I have often heard of people putting their /etc in cvs/svn, but I never bothered due to having to setup a repo. That is until I had git at which point it became just a git init.
Right. Monotone (an earlier DVCS, inspiration for git), while a really nice system technically, expected you to set up keys for authorizing changes to the repository before you could use it* . It was a little thing, but reducing setup to just "git init" (or "hg init") makes for less friction to putting stuff in VC just because...and then you find out it's good for things you would have never anticipated.
Nice hacking btw. Note that spidermonkey is fairly easy to build on its own. It lives in the Mozilla repository, but it doesn't have any dependencies to the rest of Mozilla.
Don't have time to read it now but looks very interesting thinking so I will read it later.
I am using bazaar to do daily backups at some webapp that stores serialized data in files. I was thinking a little about syncing it between servers with bazaar if needed but you seem to go a few steps further. :)
There are some things that I find extremely enticing about Git. First of, there's the speed which I already mentioned. The second is how it's designed to be decentralized - and my amazement at this probably stems from the fact that this is the first decentralized VCS that I've ever worked with.
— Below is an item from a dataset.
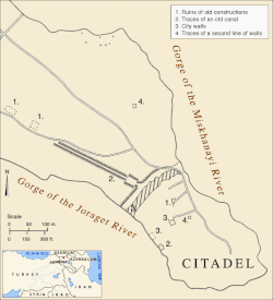 Окружавший цитадель город обхватывал территорию около 25 гектар, также ограждённую стенами, от которых сохранились лишь остатки фундаментов.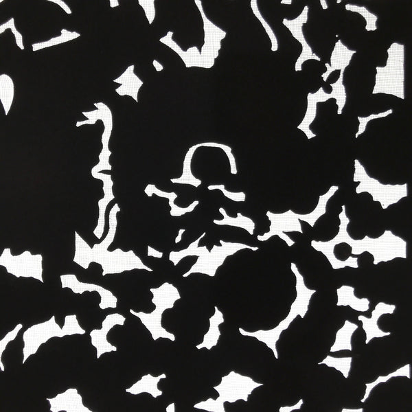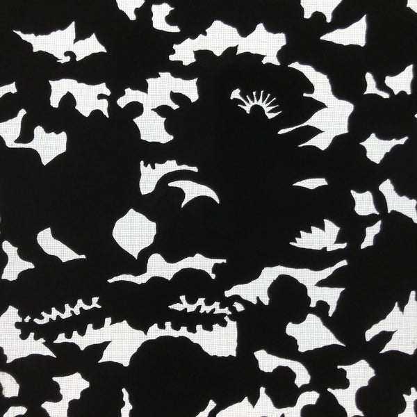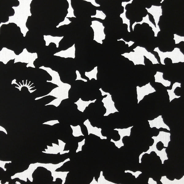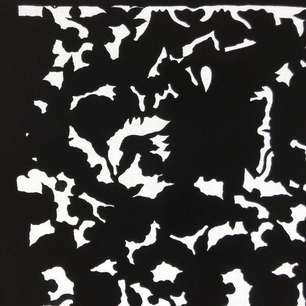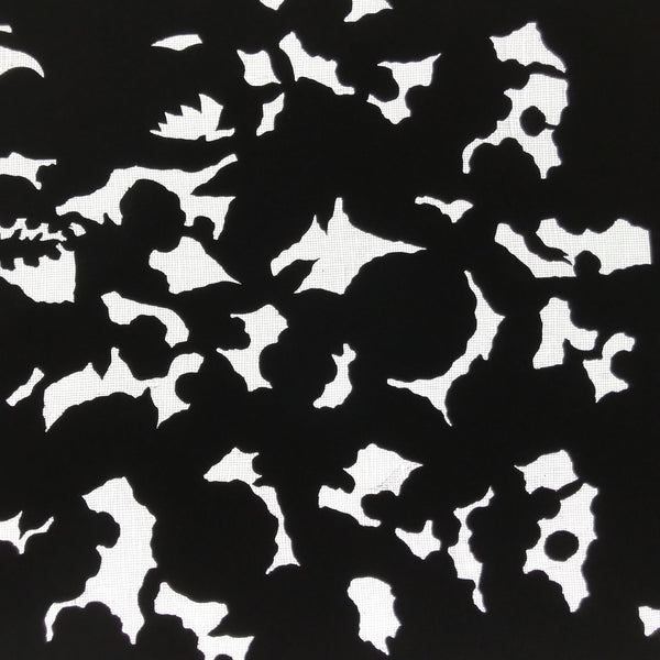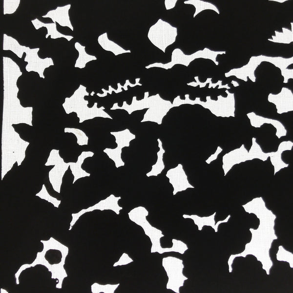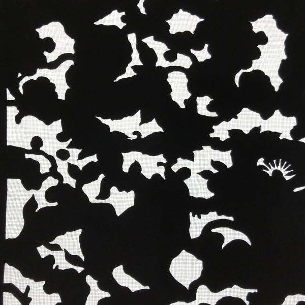 Using traditional mulberry paper, this katagami stencil with a silk mesh backing features  the background part of a lush flower design. Though it is the background piece, it has a lovely silhouetted look.

I've been using rsync to keep certain directories of my various computers synchronized, but I think I'll go one step further soon enough: for my Linux computers, I'll keep some parts of my home directory in Git in order to maintain an identical user interface / configuration on those machines.
1. I learned from Linus that git is a decentralized "content" database that gives identity to different versions of the same content and allows them to be compared and merged. (as opposed to a traditional VCS which is more of a "delta" database)
2. I learned from Damien that CouchDB is a decentralized "document" database that gives identity to different versions of the same document and allows them to be compared and merged.
I've been wondering just what the difference really is.